As for when retailers should bring partners into the planning process, the earlier the better, said Brené Hudspeth, vice president of transportation management at Transplace, a Dallas-based third-party logistics service provider.

Between the rise of omnichannel commerce and the shift from brick-and-mortar stores to e-commerce sites, consumer demand can change overnight, making forecasts irrelevant. "Our clients allow us to come into their planning process," Hudspeth said. "Instead of just being sent purchase orders or store delivery data for the next week, we need to be in the planning process for the next two, four, six, or eight weeks."

To minimize the need to hire additional carriers at the last minute, Transplace uses computer analytics to run different scenarios with each partner, Hudspeth said. Using its transportation management system (TMS), the company models the impact of proposed changes to help find the optimal balance between cost and service. For example, the modeling would allow clients to see what would happen if they spread shipments over five or six weeks instead of two, staged certain inventory in transit, used cross-docks to handle spikes in demand, or changed routes to run through Charlotte or Orlando instead of Atlanta.

STAY FLEXIBLE

That willingness to update forecasts and make changes is crucial in an era when e-commerce patterns are changing the market faster than ever before, said Gary Colangelo, vice president of client services for Spend Management Experts (SME), an Atlanta-based financial supply chain consultancy.

"Peak season is always the elephant in the room, for both shippers and carriers," Colangelo said. "They try to prepare for it—everyone's investing in their networks—but the problem is the lack of historical data for e-commerce. You're shooting from the hip because the market is changing so rapidly."

Some companies deal with demand fluctuations by renting flexible warehousing space or deploying pop-up hubs to handle overflow volume, or by adding days of service, like Saturday and Sunday deliveries, to achieve better asset utilization, he said. But the best approach to managing change is to work closely with the small number of clients who drive the bulk of the holiday surge to avoid last-minute surprises, Colangelo said.

LSPs also have to be mindful about the mix of companies that will share space in the facility, adds Newgistics' Everett. One of the key challenges of running a multi-tenant e-commerce fulfillment organization is balancing the workload, he explained. "In an ideal world, you'd have one tenant with a peak in January, one in February, and one in March, but that's not how it works," Everett said. "Most of them align to the traditional retail peak."
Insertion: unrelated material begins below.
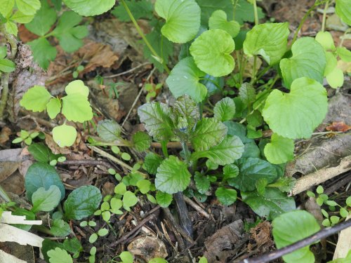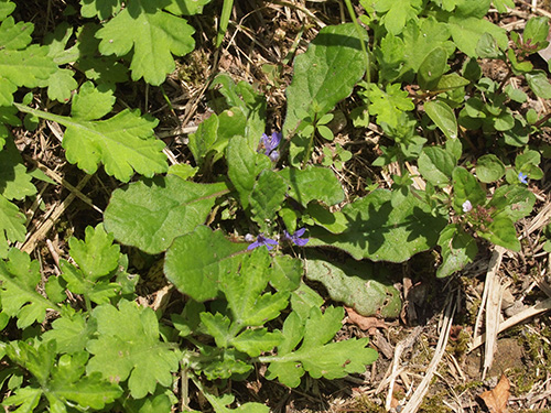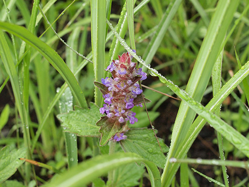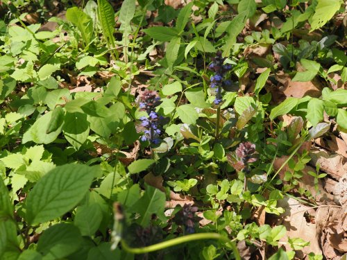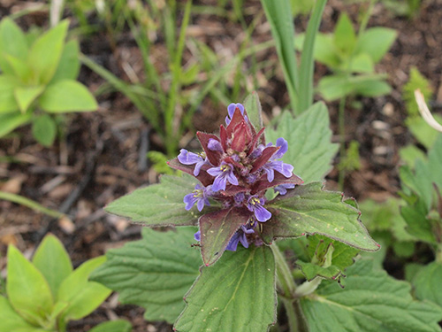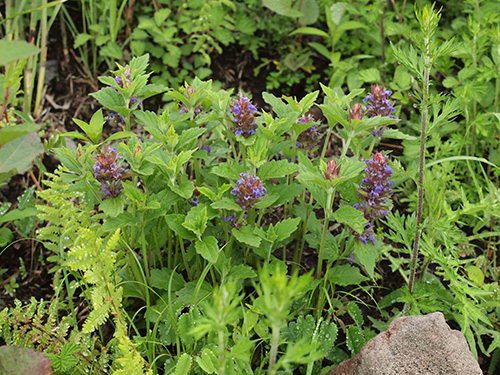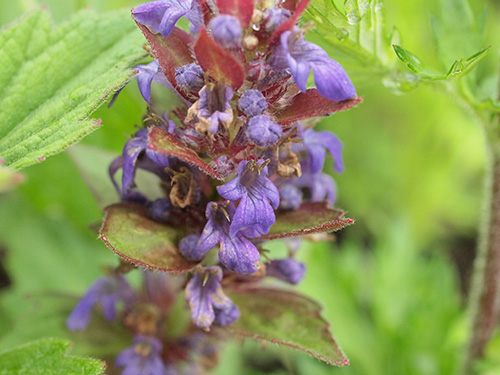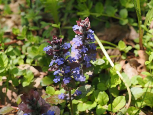 | 特徴など:グランドカバーに良く使われており、最近は下の写真にあるように斑入りのや小葉タイプのものが出回っている。花は濃い青紫色で穂状につきます。斑入り葉の品種は冬場に葉がしおしおになってなくなってくるのが残念です。多分ポットのままだと良くないのだと思うので早めに路地で育てましょう。多くの品種があるようですが、これからどんどんお目見えすることでしょう。日本には近縁種のジュウニヒトエがあります。日向よりも半日陰で育てたほうが綺麗に育ちます。(写真:国内) |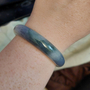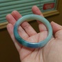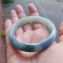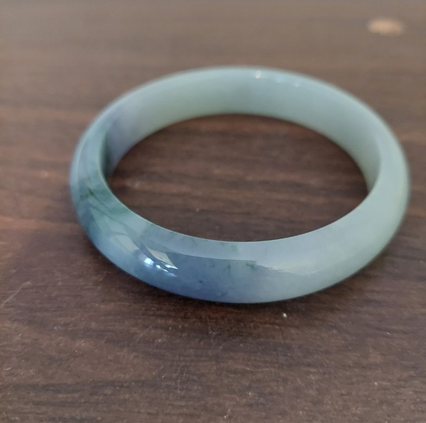 This is a natural typed A jadeite bangle. Some might called this a "Monet" bangle with its lovely deep purple and blue green hues on a light green base. It is translucent and has smooth texture on most of it. There is slight texture of the green flower part (see pictures). The lavender/blue purple color is hard to come by in deep color like this. The size is 59mm and about 12mm wide which rare to find in bigger sizes. This bangle has not cracks or lines in it.

To avoid a full-on peak season meltdown, LSPs may have to be selective about the customers they take on. "All business is not good business," Everett said. "You've got to be smart about which tenants you sign up and what operations you're going to need throughout the year. It won't work if 100 percent of your customers have peaks in the same week."

Whatever strategy a company may choose to survive peak season, industry experts agree that the only constant is change. Shipping patterns in the retail market are changing quickly in the era of online shopping and omnichannel fulfillment.

Improving warehouse hiring strategies or fine-tuning sales forecasts can cushion the blow. But in the end, experts say, the best approach is a close partnership between client and service provider.

Whatever the date on the calendar, it is never too early to start preparing for the next peak. "Peak season planning starts right after the last peak ends," SME's Colangelo says. "Success comes down to the timing of when you begin that forecasting and your sense of urgency in getting it right."